Le vire-vire de leurs caresses les soûla sans répit jusqu'au petit matin clair. Elle s'appelait Alba, lui Sinbad. Leur rire vibrait d'une même fréquence, née de l'oubli d'avoir consenti aux présentations conventionnelles, durant toute la nuit passée à se découvrir mutuellement dans la fraîcheur des embruns, face à la mer.

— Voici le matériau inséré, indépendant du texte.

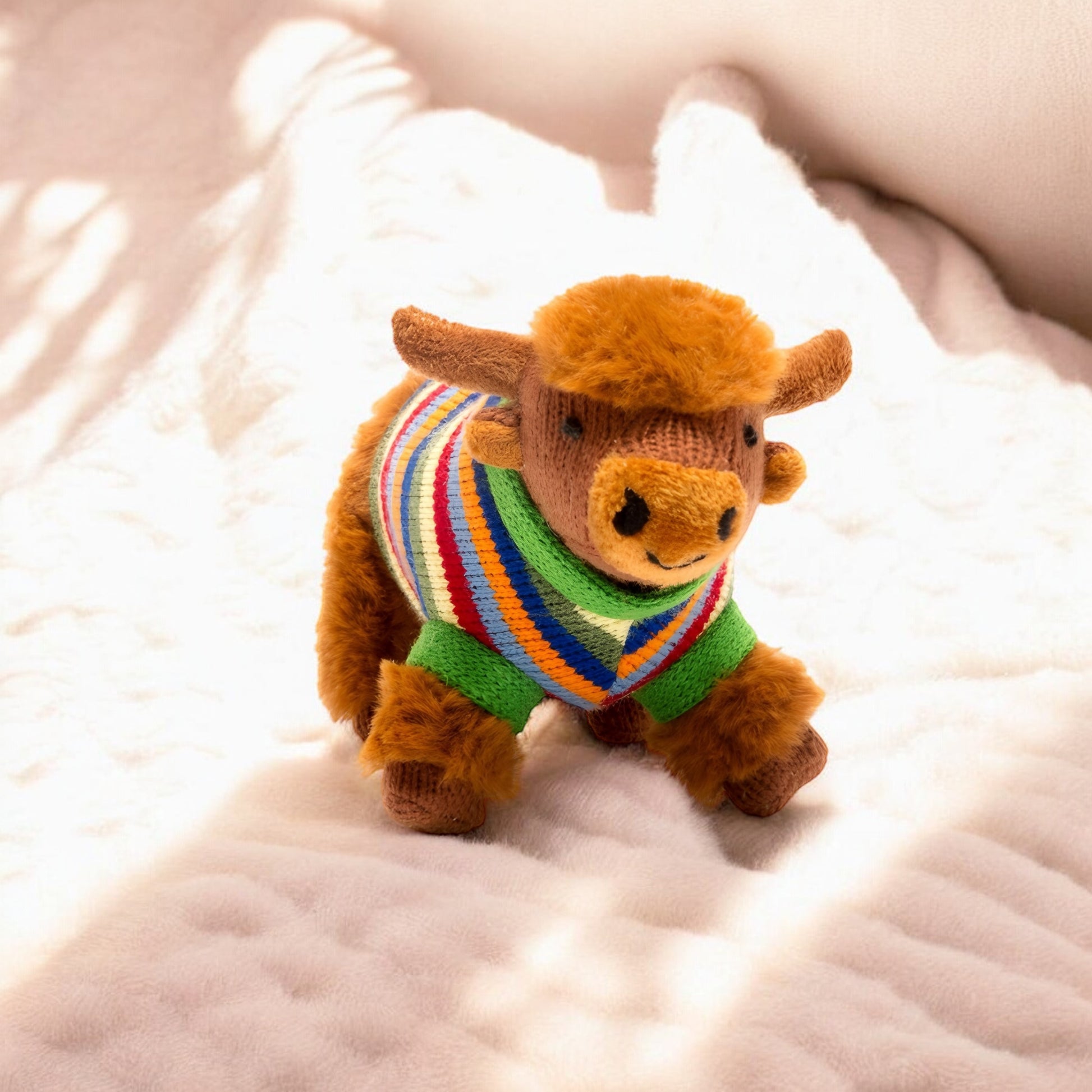 Knitted Highland Cow Rattle With Rainbow Stripe Sweater

Leurs yeux se plissèrent aux premières lueurs pâles de la fin d'un printemps sec, et ils n'étaient déjà plus tout à fait les mêmes ; plus tout à fait deux et probablement un. Les amants aquioulés dans les bras l'un de l'autre formaient l'empreinte d'un cercle parfait, deux coquilles dessinées pour l'éternité dans les sédiments d'un lointain passé, l'une yin, l'autre yang, ou peut-être l'inverse.


Lorsqu'il s'éveilla, la gorge serrée, le soleil jouait d'ornements pastels avec l'horizon engourdi. C'était l'aube. Sa barque avait dérivé sur plusieurs milles pour atteindre les rivages paisibles des Eaux Salées. Il tenait dans sa main son vieux filet de pêche, l'alignole qui n'attrapait plus que d'anciens fossiles arrachés à ses rêves.